Indeed, our system of government is organized as a republic to avoid a tyranny of the majority. But a subjective public interest requirement encourages an even worse scenario–tyranny by a vocal minority. Senator Ted Stevens (R-AK), chair of the powerful Senate Commerce Committee, wants legislation that extends indecency laws from traditional over-the-air broadcasting to cable and satellite programs. And last year, one organization called the Parents Television Council filed an overwhelming majority of the complaints at the FCC. But many members of Congress, like fellow committee member Senator Bob Goodlatte (R-VA), have expressed reservations about increasing the scope of the indecency law to cable and satellite.

It would be bad enough if the public interest hijacked communications policy only in free speech, but it also forms the basis for corporate welfare. Television broadcasters have historically been given free spectrum in exchange for a promise to serve the public interest. Unfortunately, as what often happens when something is received for free, the spectrum is undervalued and not used efficiently. Much of the blame on the slow transition to digital television is due to the broadcasting industry’s lobbying for additional spectrum instead of converting from analog. The cellular phone industry that paid for its spectrum completed the transition to digital years ago.

The Public Interest Standard Invites Political Pork

The “public interest” notion dates back to the early 1900s, when the perception was that the airwaves were scarce resources and broadcasters had to be stewards of the public’s spectrum. Although new technology has made the use of spectrum almost infinite, the old public interest requirement remains enshrined in our law. Through the years, determining which “public” and what “interest” has often yielded answers full of generally admirable goals like protecting children or encouraging fair and unbiased news shows but mostly devoid of factual data and legal cause and effect.

Concern for broadcast content has united Democrats and Republicans, divided on almost every other issue other than steroids in baseball, to pass the Broadcast Decency Enforcement Act of 2005 (H.R. 310), a bill that sharply increases indecency fines. It is a remarkable show of unity, given the subjectivity in defining indecency.

Congress is expected to hold hearings about telecommunications reform this year. This is an opportunity to address the “public interest” language of existing law. Removing it would force regulators to come up with more specific reasons for passing communications legislation. New technologies empower consumers and communications markets in ways that don’t require political oversight of the public interest.

However, referencing this ambiguous mandate is a powerful rhetorical device that extends well beyond broadcast indecency. The demise of the “public interest” as a means for regulation would be an admission by pro-regulatory politicians that consumers and the market can responsibly acting according to their own interests. Some advocacy groups primarily use the indecency debate as a platform to attack large corporate media ownership or a lack of “a la carte” cable programming. Perhaps this is why many liberals–who would normally be expected to rail against right-wing conservative efforts to impose content censorship–are for more broadcast indecency legislation.

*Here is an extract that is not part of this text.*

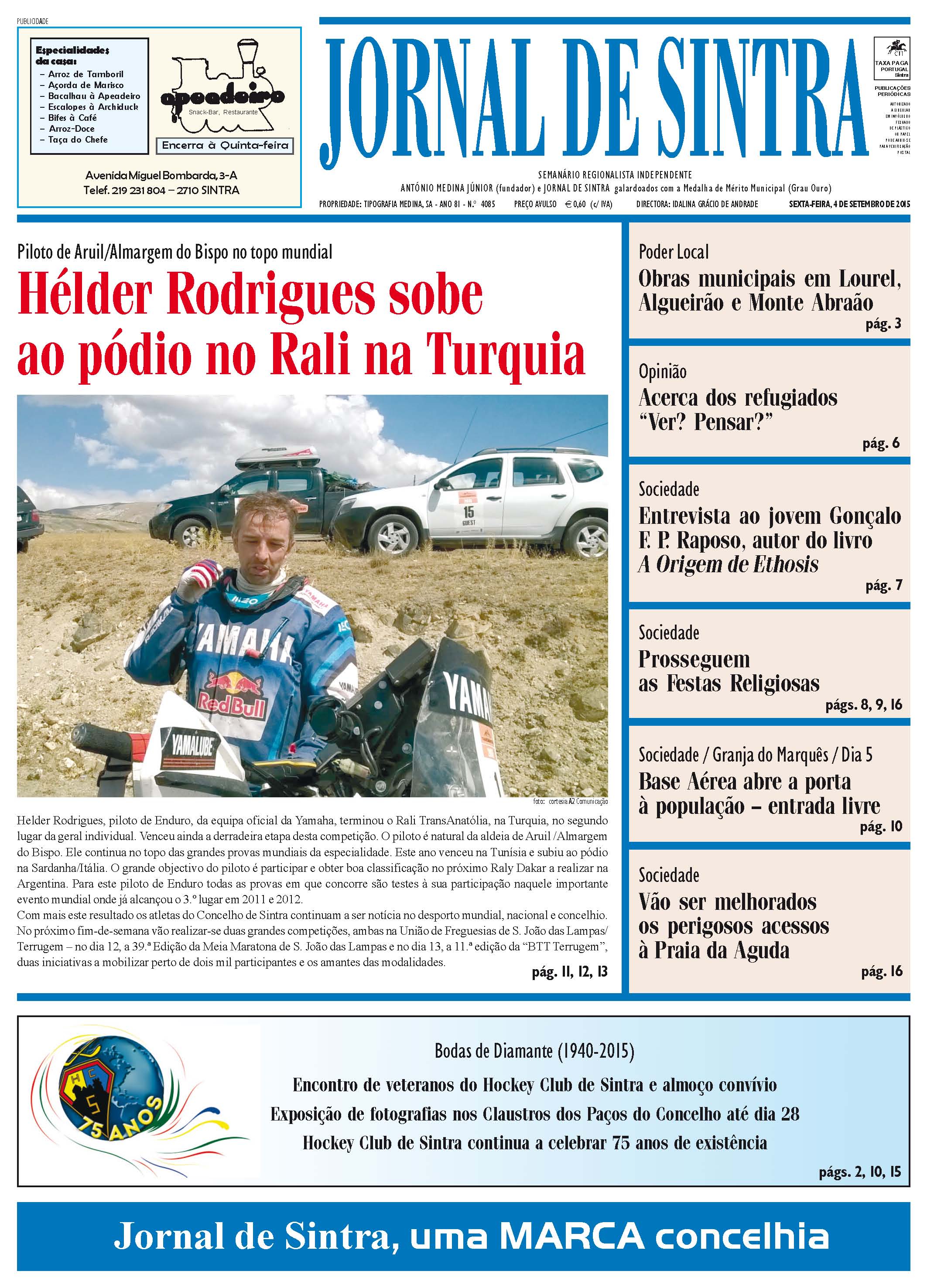 “Hélder Rodrigues sobe ao pódio no Rali na Turquia” é a manchete da edição n.º 4085, de 4 de Setembro, do Jornal de Sintra. Veja aqui a edição em PDF com os restantes destaques.

The public interest standard is a tax. Broadcasters face fines and perhaps even criminal penalties. Consumers must pay to hear certain content via cable or satellite instead of by over-the-air. Politicians waste their valuable time discussing broadcast content instead of pursuing more important issues. Using government to enforce the public interest on communications is a costly arrangement for the public, which is why this legal standard is not in the “public interest”–however defined.